Data provided:
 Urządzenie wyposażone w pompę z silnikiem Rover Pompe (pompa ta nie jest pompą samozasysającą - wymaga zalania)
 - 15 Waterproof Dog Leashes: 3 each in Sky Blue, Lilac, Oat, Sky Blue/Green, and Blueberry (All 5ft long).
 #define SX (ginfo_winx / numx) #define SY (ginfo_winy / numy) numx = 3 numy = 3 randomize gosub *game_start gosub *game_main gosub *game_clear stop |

---

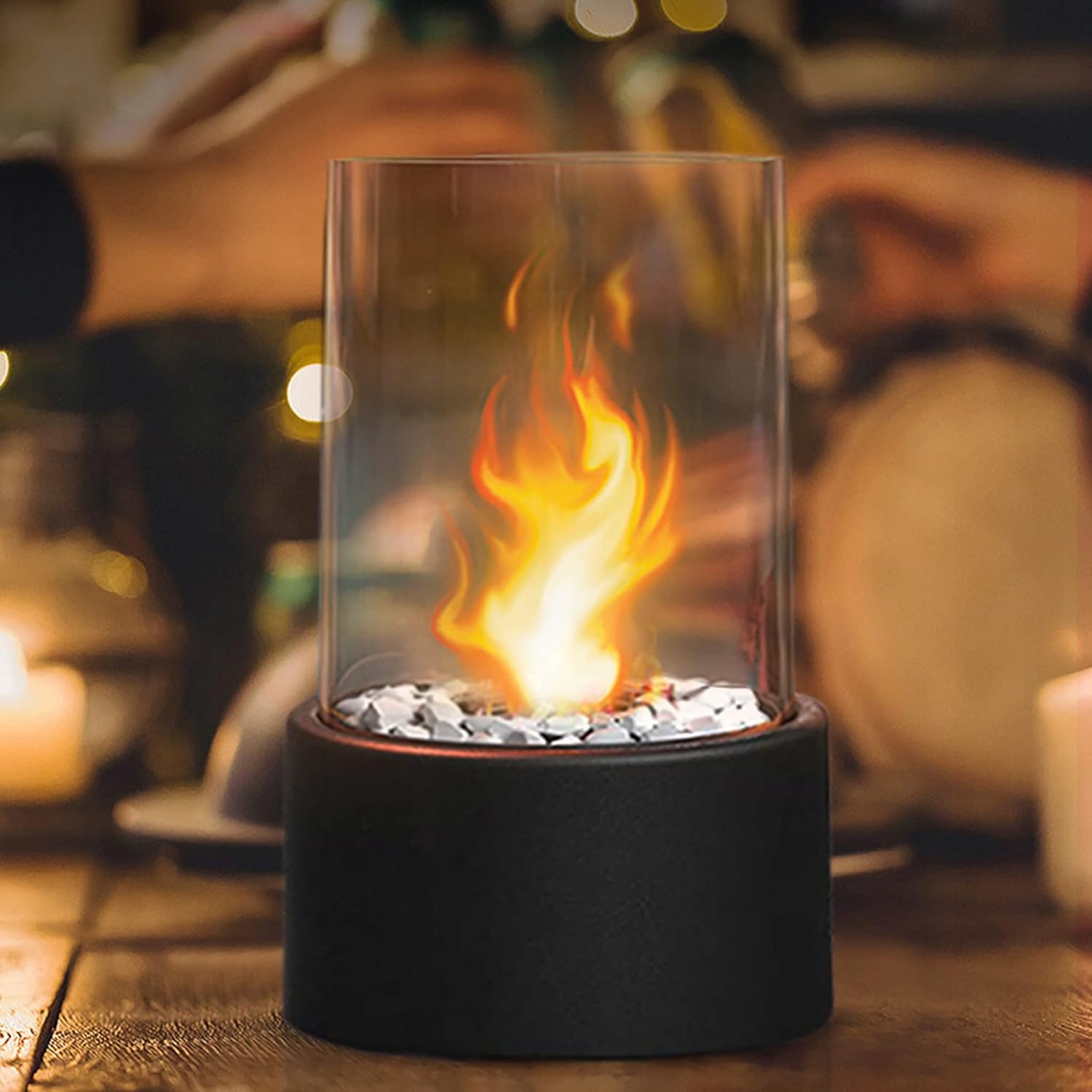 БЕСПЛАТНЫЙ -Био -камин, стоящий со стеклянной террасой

What is required: Write out exactly the lines above from the line with "Urządzenie wyposażone w" through the line with "#define SX (ginfo_winx", both of them included, and leave out all other lines.

Expected answer:
 Urządzenie wyposażone w pompę z silnikiem Rover Pompe (pompa ta nie jest pompą samozasysającą - wymaga zalania)
 - 15 Waterproof Dog Leashes: 3 each in Sky Blue, Lilac, Oat, Sky Blue/Green, and Blueberry (All 5ft long).
 #define SX (ginfo_winx / numx) #define SY (ginfo_winy / numy) numx = 3 numy = 3 randomize gosub *game_start gosub *game_main gosub *game_clear stop |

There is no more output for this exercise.